> **WHAT THIS TASK INVOLVES**
Find "揚重機は夜間に架設した" and "Dropbox 上でファイルの URL" in the records below. Copy the lines holding them and every line between, exactly, and no others.
::: MATERIAL SHOWN :::
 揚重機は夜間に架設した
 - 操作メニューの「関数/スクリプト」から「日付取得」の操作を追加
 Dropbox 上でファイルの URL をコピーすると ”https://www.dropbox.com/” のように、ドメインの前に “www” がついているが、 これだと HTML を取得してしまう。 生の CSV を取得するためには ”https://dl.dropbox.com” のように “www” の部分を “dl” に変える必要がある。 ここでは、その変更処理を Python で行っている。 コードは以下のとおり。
:::
::: MATERIAL SHOWN :::
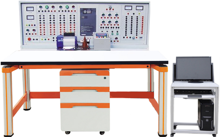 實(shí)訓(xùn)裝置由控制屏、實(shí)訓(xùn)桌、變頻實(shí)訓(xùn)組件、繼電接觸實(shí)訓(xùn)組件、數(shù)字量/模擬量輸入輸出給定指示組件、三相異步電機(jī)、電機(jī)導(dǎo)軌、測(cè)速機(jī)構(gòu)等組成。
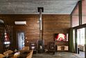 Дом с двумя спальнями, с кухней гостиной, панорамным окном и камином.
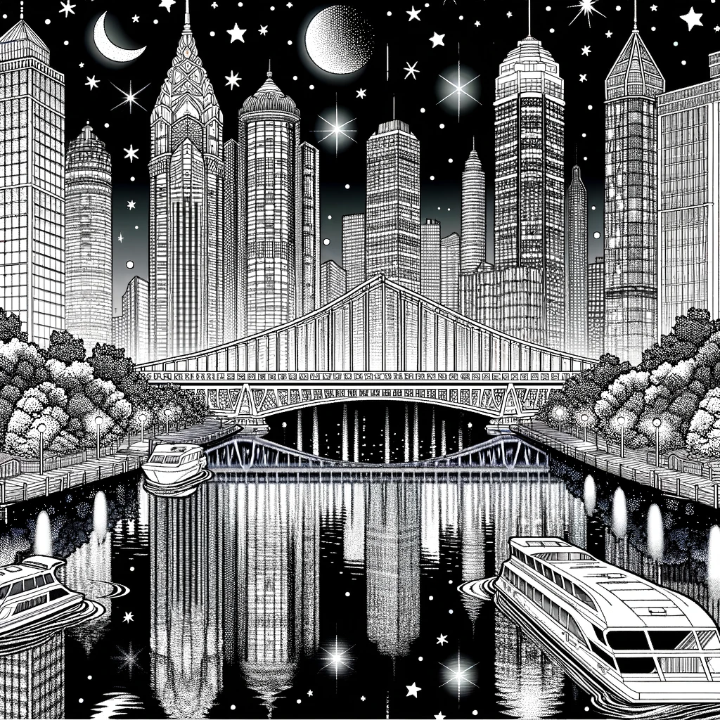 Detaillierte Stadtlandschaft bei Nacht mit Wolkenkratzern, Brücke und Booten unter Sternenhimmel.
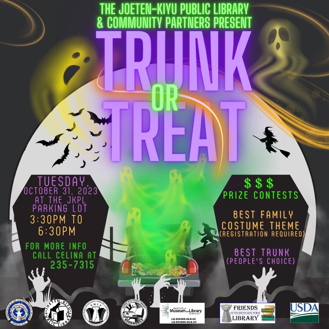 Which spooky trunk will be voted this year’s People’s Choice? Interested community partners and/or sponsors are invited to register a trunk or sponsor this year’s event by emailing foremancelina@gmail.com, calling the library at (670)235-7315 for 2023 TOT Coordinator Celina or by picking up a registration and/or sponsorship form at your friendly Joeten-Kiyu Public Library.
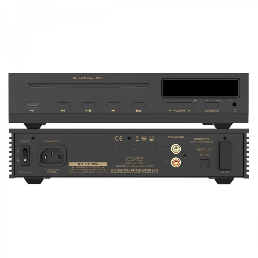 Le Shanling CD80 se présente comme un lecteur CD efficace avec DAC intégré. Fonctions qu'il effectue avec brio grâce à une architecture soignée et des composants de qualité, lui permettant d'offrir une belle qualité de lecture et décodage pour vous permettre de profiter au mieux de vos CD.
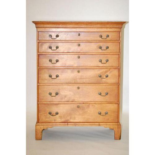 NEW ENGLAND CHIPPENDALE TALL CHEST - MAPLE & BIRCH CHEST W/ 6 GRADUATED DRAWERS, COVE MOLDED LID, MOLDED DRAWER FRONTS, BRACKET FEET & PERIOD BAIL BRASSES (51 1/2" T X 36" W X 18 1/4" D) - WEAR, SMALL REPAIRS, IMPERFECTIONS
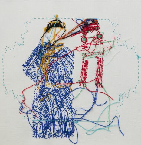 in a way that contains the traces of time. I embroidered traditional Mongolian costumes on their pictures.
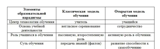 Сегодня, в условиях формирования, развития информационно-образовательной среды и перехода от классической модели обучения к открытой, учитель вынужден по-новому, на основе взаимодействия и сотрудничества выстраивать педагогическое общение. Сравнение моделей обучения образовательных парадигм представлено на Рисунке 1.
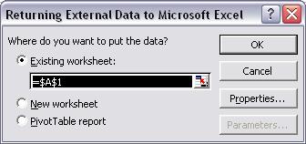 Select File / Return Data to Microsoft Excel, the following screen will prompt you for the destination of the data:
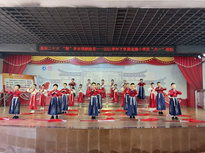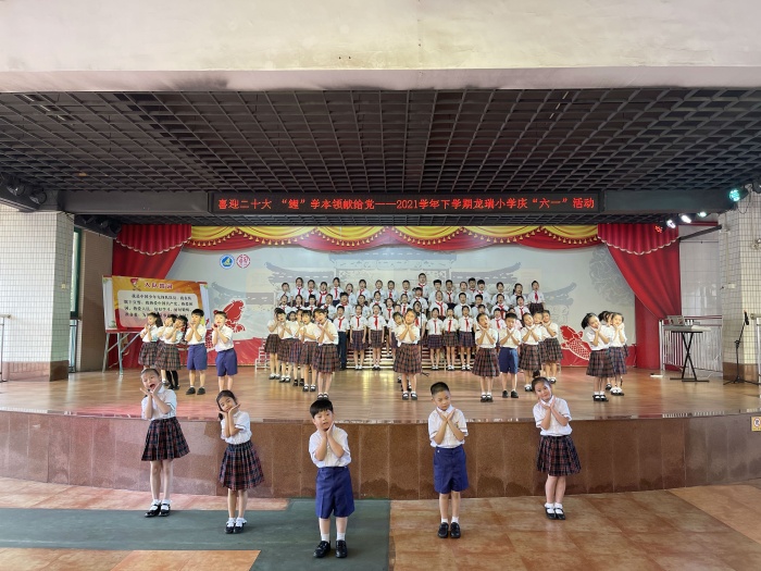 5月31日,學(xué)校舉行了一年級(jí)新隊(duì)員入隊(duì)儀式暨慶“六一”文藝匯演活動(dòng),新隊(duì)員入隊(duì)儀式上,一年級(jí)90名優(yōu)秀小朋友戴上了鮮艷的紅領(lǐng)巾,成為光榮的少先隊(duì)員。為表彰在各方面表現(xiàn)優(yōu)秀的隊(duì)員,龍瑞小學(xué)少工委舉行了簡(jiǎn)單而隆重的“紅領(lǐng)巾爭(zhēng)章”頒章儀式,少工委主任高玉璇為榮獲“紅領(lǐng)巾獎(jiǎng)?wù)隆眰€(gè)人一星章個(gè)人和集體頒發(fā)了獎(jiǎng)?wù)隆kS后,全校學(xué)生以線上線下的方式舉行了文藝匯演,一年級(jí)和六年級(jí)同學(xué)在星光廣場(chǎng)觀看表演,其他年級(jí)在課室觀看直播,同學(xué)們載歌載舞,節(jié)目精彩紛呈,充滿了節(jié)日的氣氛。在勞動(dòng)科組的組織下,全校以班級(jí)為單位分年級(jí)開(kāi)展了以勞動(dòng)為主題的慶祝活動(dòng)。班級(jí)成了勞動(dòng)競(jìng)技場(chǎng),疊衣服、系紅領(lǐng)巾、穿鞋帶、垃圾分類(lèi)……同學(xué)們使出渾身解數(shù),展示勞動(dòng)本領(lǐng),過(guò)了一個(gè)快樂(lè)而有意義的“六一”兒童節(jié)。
:::
> **REPLY TO THE TASK**
 揚重機は夜間に架設した
 - 操作メニューの「関数/スクリプト」から「日付取得」の操作を追加
 Dropbox 上でファイルの URL をコピーすると ”https://www.dropbox.com/” のように、ドメインの前に “www” がついているが、 これだと HTML を取得してしまう。 生の CSV を取得するためには ”https://dl.dropbox.com” のように “www” の部分を “dl” に変える必要がある。 ここでは、その変更処理を Python で行っている。 コードは以下のとおり。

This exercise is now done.